Exercise description |
Give back exactly the lines from the "Typ pola BOOLEAN." line to the final line of the records, and only those, minus any pictures.
________________________
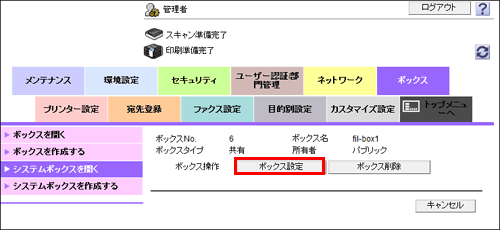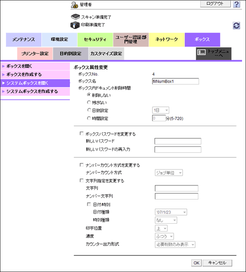 管理者モードにログインすると、ファイリングナンバーボックスのパスワードを入力しなくても、登録されているファイリングナンバーボックスの設定を変更したり、削除したりできます。
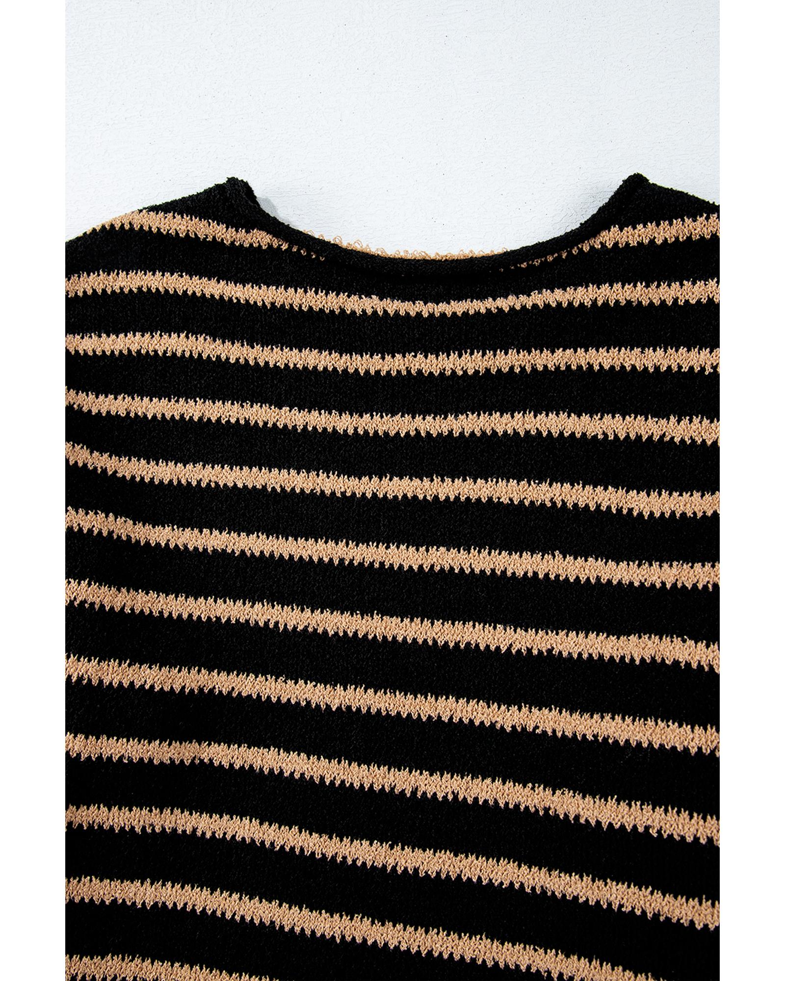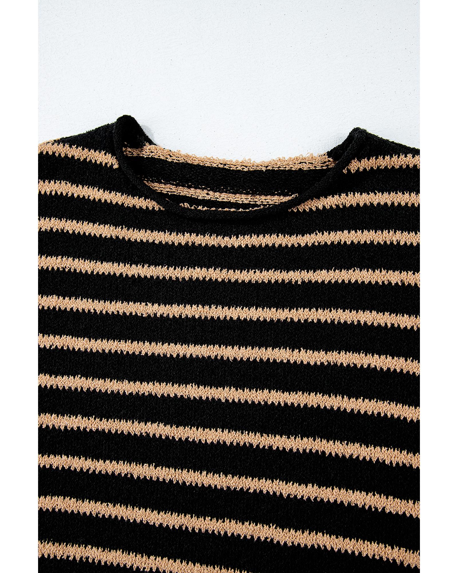 Black Stripe Drop Shoulder Round Neck Loose Sweater – M
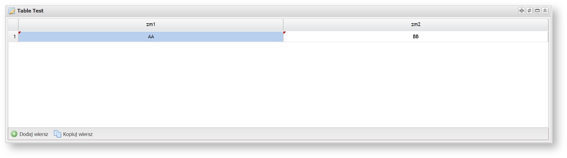 Typ pola BOOLEAN. odp "TAK" usunie domyślny przycisk kopiowania wiersza z belki w tabelce dynamicznej.
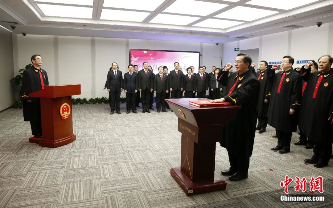 2019年1月1日,中國最高人民法院知識產(chǎn)權(quán)法庭在北京揭牌成立,最高法知識產(chǎn)權(quán)法庭全體法官進(jìn)行憲法宣誓。李慧思 攝
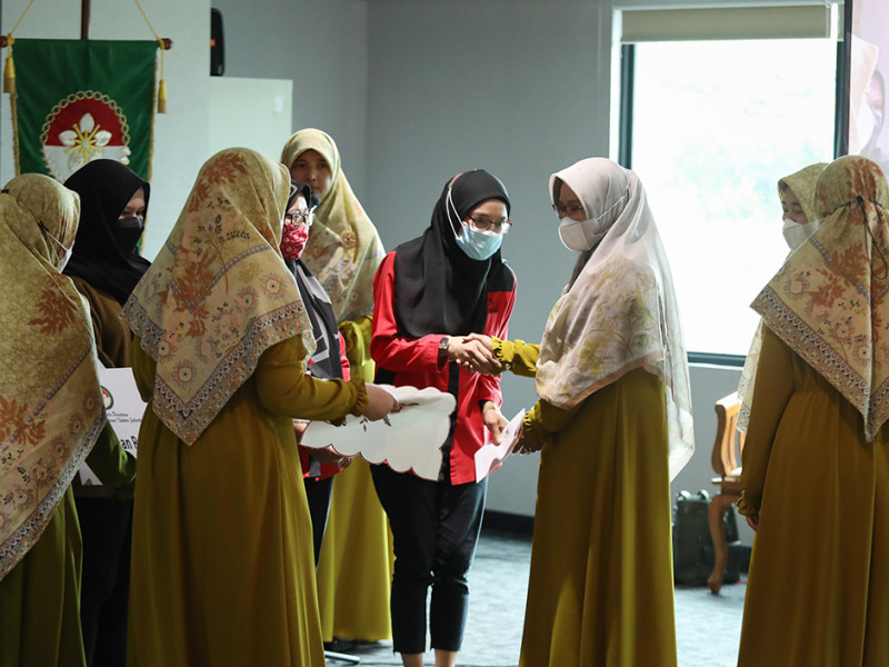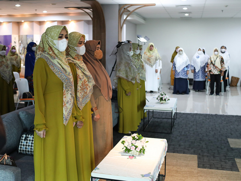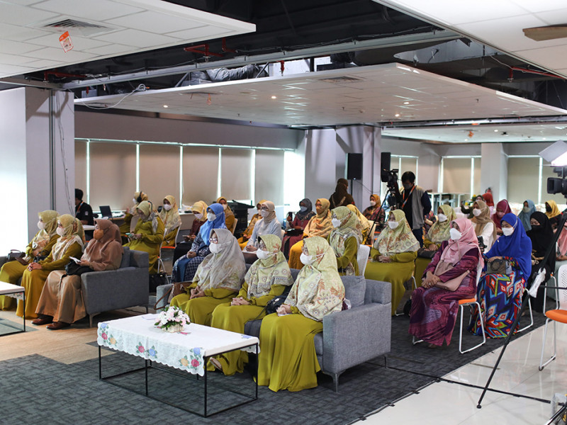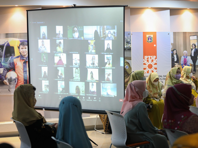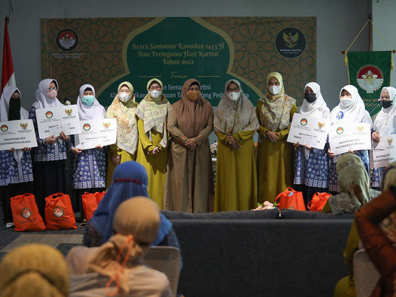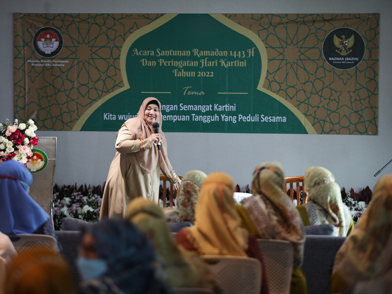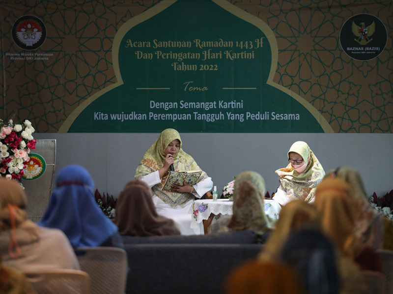 Dharma Wanita Persatuan (DWP) DKI Jakarta memperingati Hari Kartini dengan memberikan santunan Ramadan kepada anak yatim dan ustazah di Aula DMPTSP, Setiabudi, Jakarta Selatan, Kamis (21/4). Acara digelar secara hybrid, yakni secara langsung dan virtual. Santunan secara simbolis diberikan kepada perwakilan ustazah dan anak yatim dari setiap wilayah di DKI Jakarta. (Foto: Nugroho Sejati/beritajakarta.id)
________________________
Completed exercise |
 Typ pola BOOLEAN. odp "TAK" usunie domyślny przycisk kopiowania wiersza z belki w tabelce dynamicznej.
 2019年1月1日,中國最高人民法院知識產(chǎn)權(quán)法庭在北京揭牌成立,最高法知識產(chǎn)權(quán)法庭全體法官進(jìn)行憲法宣誓。李慧思 攝
 Dharma Wanita Persatuan (DWP) DKI Jakarta memperingati Hari Kartini dengan memberikan santunan Ramadan kepada anak yatim dan ustazah di Aula DMPTSP, Setiabudi, Jakarta Selatan, Kamis (21/4). Acara digelar secara hybrid, yakni secara langsung dan virtual. Santunan secara simbolis diberikan kepada perwakilan ustazah dan anak yatim dari setiap wilayah di DKI Jakarta. (Foto: Nugroho Sejati/beritajakarta.id)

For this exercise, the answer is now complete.